When to scrape, or methods of surgical gynecology

Despite all the reluctance of women to go to the operating table, we must not forget that gynecology is a surgical specialty. In the event that there is no significant bleeding, the endometrium does not have pathology associated with hyperplasia, if this woman is of a relatively young age without proliferative diseases, then it is quite possible to treat such a pathology as persistence of the corpus luteum using conservative methods, for example, by prescribing combined oral contraceptives .

But if a woman is taken “in an ambulance,” with abdominal pain, prolonged bleeding, anemia and low hemoglobin, then, most likely, according to emergency indications, she will undergo diagnostic and therapeutic curettage, a biopsy, and hysteroscopy. Therefore, at present, in its pure form, such a functional diagnosis as persistence of the corpus luteum is rarely made, and there are several reasons for this. This is a craze for oral contraceptives, as well as a significant decrease in the health literacy of the population. Women try to cope with cycle disruption on their own. And if this condition is delayed, then there is a great chance of ending up on the operating table in order to avoid serious complications.

Hormonal support

To treat insufficiency of the temporary gland, gynecology prescribes hormonal drugs that stimulate its functioning. They must be taken if a woman is having difficulty conceiving, before IVF, or if she has been diagnosed with insufficiency during gestation.

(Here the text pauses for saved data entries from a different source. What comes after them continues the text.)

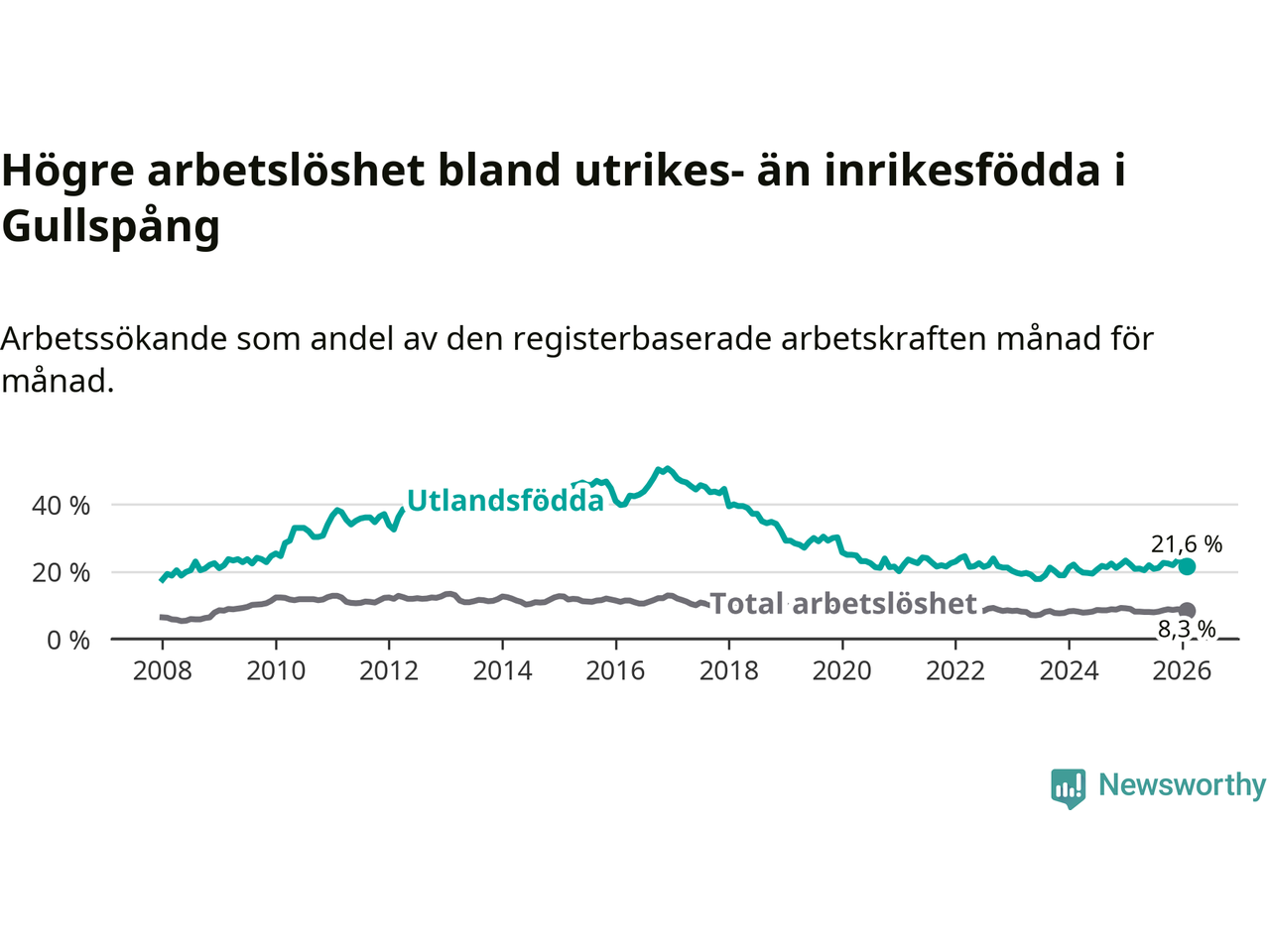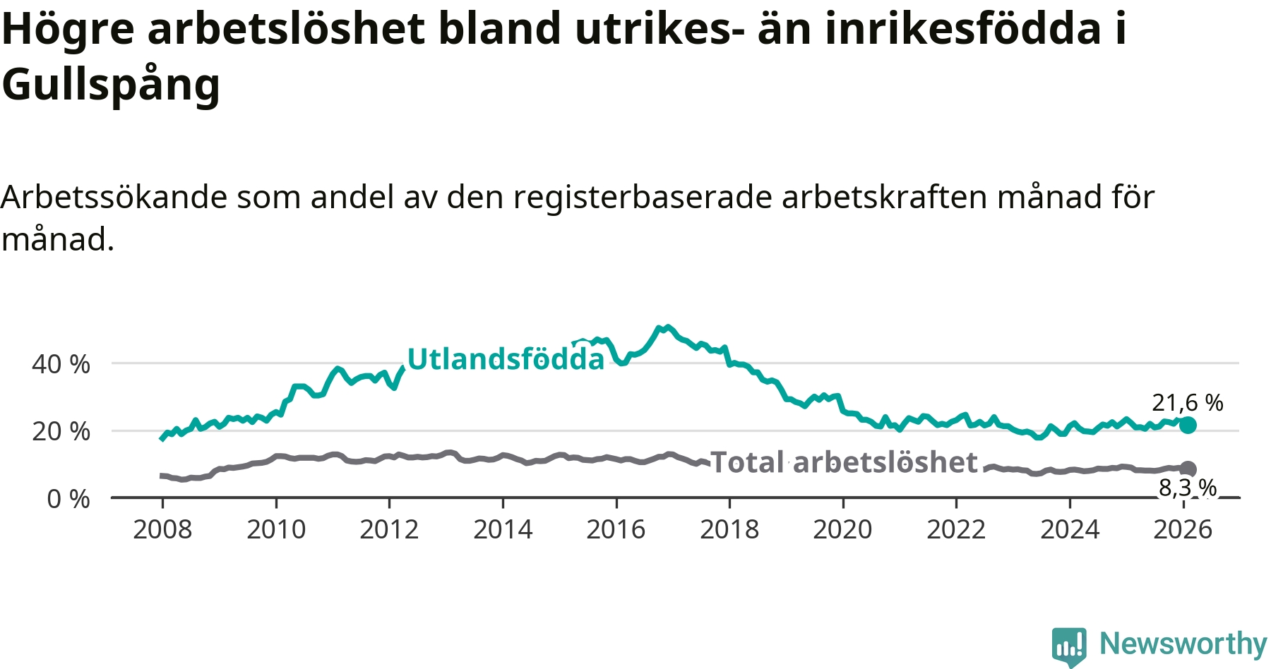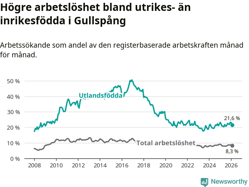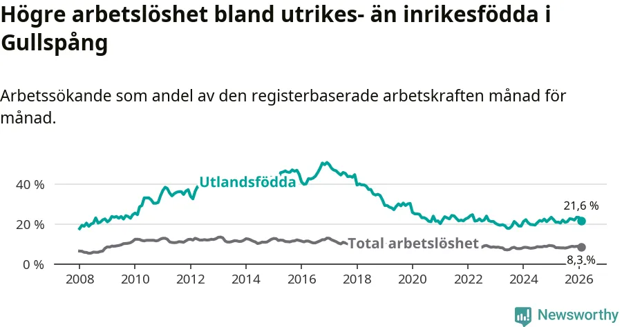 Arbetslösheten bland utlandsfödda var 21,6 procent i Gullspång under februari månad, motsvarande 81 av 375 personer. Det är 0,5 procentenheter färre än vid samma tidpunkt i fjol (−2 om man räknar personer).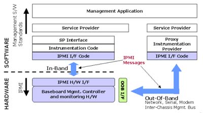 - 管理軟件:系統(tǒng)管理者最常接觸的就是上層的管理軟件,簡單的類型就是使用一般的終端機(Terminal)程序來接收從Serial/Modem所傳送過來的文字訊息。近年來,除了BMC廠商會有自行開發(fā)的上層管理軟件外,也有不少的軟件廠商加入了開發(fā)管理軟件的行列,而他們最主要利用的溝通界面即為網(wǎng)絡界面。不管是通過序列或是網(wǎng)絡,在界面上傳輸?shù)亩际荁MC所能辨認的IPMI訊息。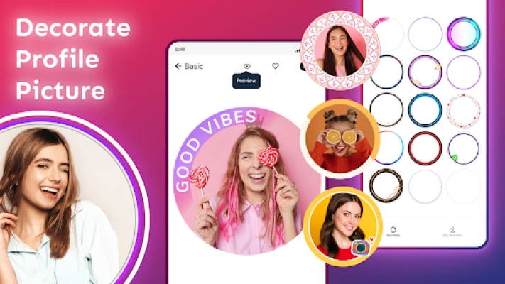 👉 Profile Photo Border messaging apps: Add a beautiful frame to your profile photo and easily create an attractive profile picture!

No.NameActive substanceRelease formIndications
1UtrozhestanProgesterone identical to that produced by VTCapsulesInfertility due to luteal insufficiency. Threat of miscarriage due to progesterone deficiency, anovulation, hormone replacement therapy in pre-, peri- and postmenopause, prevention of premature birth, preparation for IVF.
2DuphastonDydrogesterone, an analogue of natural progesteronePillsIndications are similar to Utrozhestan.

The corpus luteum plays an important role in the reproductive function of the female body. It is thanks to him that it becomes possible to conceive and bear a child.